Il commento

Cosa c'è dietro la parola «frociaggine» usata da papa Francesco

Dietro un linguaggio troppo esplicito, emerge la questione reale dell'ingresso in seminario dei gay
©Gregorio Borgia
Dario Campione
27.05.2024 20:00

Alcuni anni fa, lo storico Alessandro Barbero, celebrata star della divulgazione online e televisiva, ha curato un libro, di grande interesse, dedicato al linguaggio dei pontefici. «Le parole del Papa. Da Gregorio VII a Francesco» (Laterza, 2016) non è soltanto un’antologia di discorsi e scritti dei sovrani della Chiesa. Ma anche, e soprattutto, un excursus sul modo di comunicare dei successori di Pietro.

I Papi sono uomini, e come tali si comportano. Anche quando parlano. Francesco, spiega Barbero, è ad esempio «abituato a un linguaggio irrituale, soprattutto quando si esprime nella sua lingua natia, lo spagnolo d’Argentina». Irrituale e diretto. Qualche volta urticante. Certo, l’espressione «frociaggine» che Bergoglio avrebbe utilizzato qualche giorno fa, durante un’assemblea dei vescovi, al posto di omosessualità, sembra essere andata oltre. Va bene essere chiari, espliciti. Ma entro certi limiti.

È del tutto evidente che Francesco non maneggia l’italiano alla pari di un madrelingua, né conosce a fondo le sfumature dei dialetti e delle parlate regionali. Questo non giustifica la «frociaggine», ma ne attenua moltissimo la portata.

E tuttavia, almeno in questo caso, il problema è un altro. Ovvero la netta avversione che il Papa argentino dimostra di avere verso l’ingresso dei gay in seminario. Lo scorso mese di novembre, ad Assisi, la Conferenza Episcopale italiana ha approvato il nuovo regolamento sull’ammissione ai seminari, la «Ratio formationis sacerdotalis», un testo rimasto tutt'ora in stand-by, in attesa dell'approvazione della Santa Sede. Secondo i vescovi italiani, gli omosessuali dovrebbero poter accedere alla vita consacrata, a patto che le loro tendenze non siano «profondamente radicate», ovvero sappiano mantenere salda la disciplina del celibato.
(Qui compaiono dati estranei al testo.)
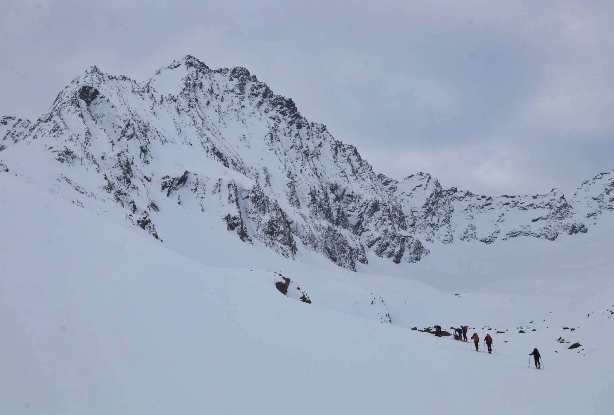 Von der Pforzheimer Hütte ging es am nächsten morgen zunächst in abfahrender Querung ins Gleirschtal und auf der anderen Seite zum Zischgenferner. (Erst fester Harschdeckel, dann gesetzter Pulverschnee). Wir stiegen zum Schluss (wie meist üblich) nicht über die Gipfelflanke, sondern über den links davon liegenden Gipfelgrat auf (bis 43° steil, kurze Kletterstelle). Es liegt derzeit ausreichend Schnee. Ich konnte bis St. Sigmund abfahren.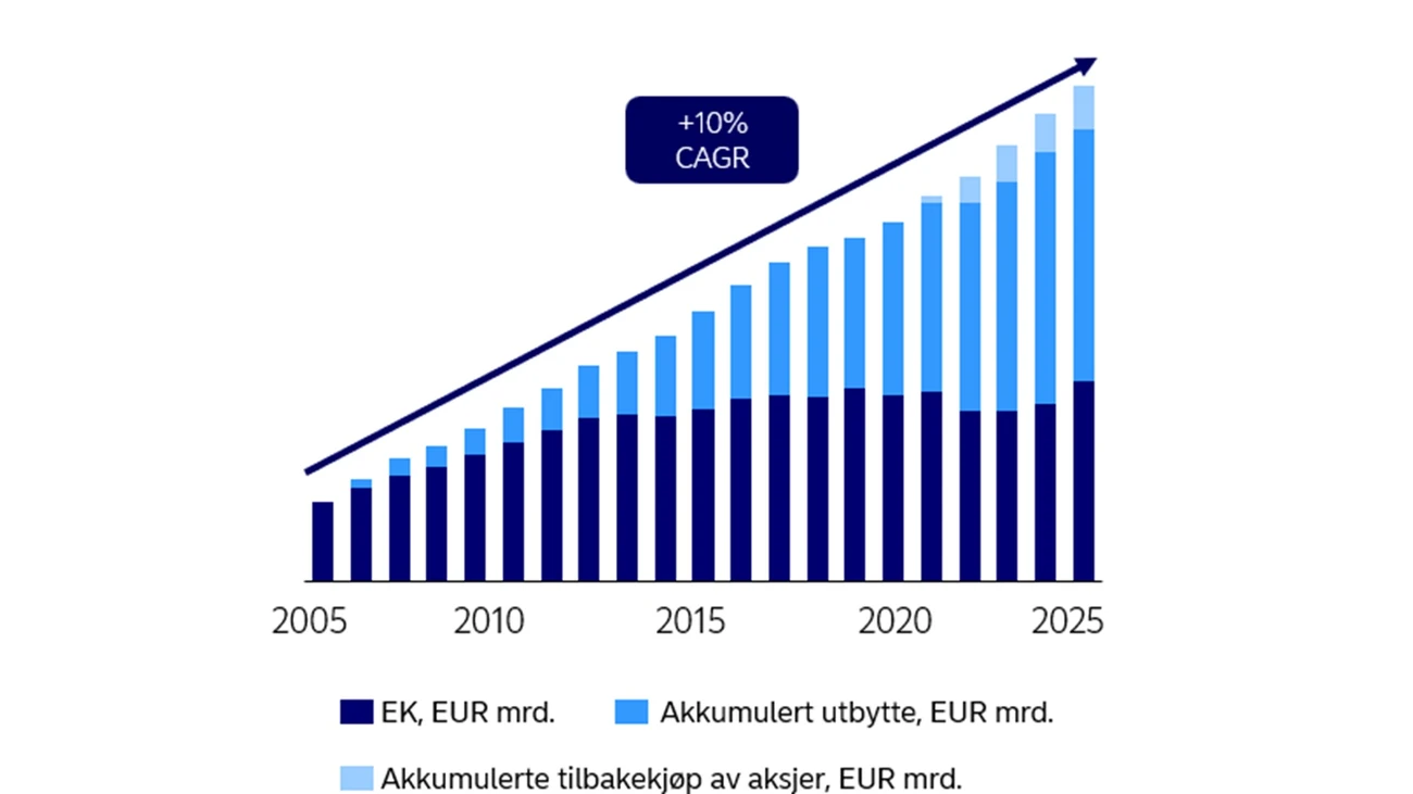 Samlet avkastning til aksjonærene, september 2019 til oktober 2025

Francesco, però, sembra pensarla diversamente. Per eliminare alla radice ogni situazione problematica, così la pensa il Papa, i gay dovrebbero stare fuori dai seminari. Una posizione forse troppo drastica, su cui è lecito discutere. Senza dimenticare, però, che proprio Bergoglio, in un incontro con la stampa di ritorno da un viaggio apostolico, scandalizzò molti dicendo: «Chi sono io per giudicare il comportamento di un omosessuale?».

«Le parole usate dai Papi sono importanti - scriveva nel suo libro Alessandro Barbero - tanto più in quanto il loro modo di parlare non è sempre lo stesso. Ovviamente varia a seconda del contesto. Ma soprattutto varia, in modo molto istruttivo, da un’epoca all’altra. Nei secoli le parole dei pontefici sono cambiate così profondamente che se un Papa utilizzasse oggi le stesse espressioni che erano normali non dico nel Medioevo, ma anche soltanto nell’Ottocento provocherebbe molto più sconcerto. Il linguaggio con cui il pastore della Chiesa di Roma si rivolge all’umanità nei momenti difficili è sempre stato espressione non solo della sua personalità individuale, ma del posto che la parola della Chiesa occupava nel mondo in quella data epoca».

La Chiesa «esiste da duemila anni - aggiungeva Barbero - e nel corso di questi due millenni ha prodotto innumerevoli parole». Frociaggine non è certo la migliore di queste parole. E non rimarrà scolpita nelle tavole della Legge. Possiamo dirlo senza che questo cambi il giudizio sull’uomo: Francesco poteva risparmiarsela. Sarebbe stato meglio.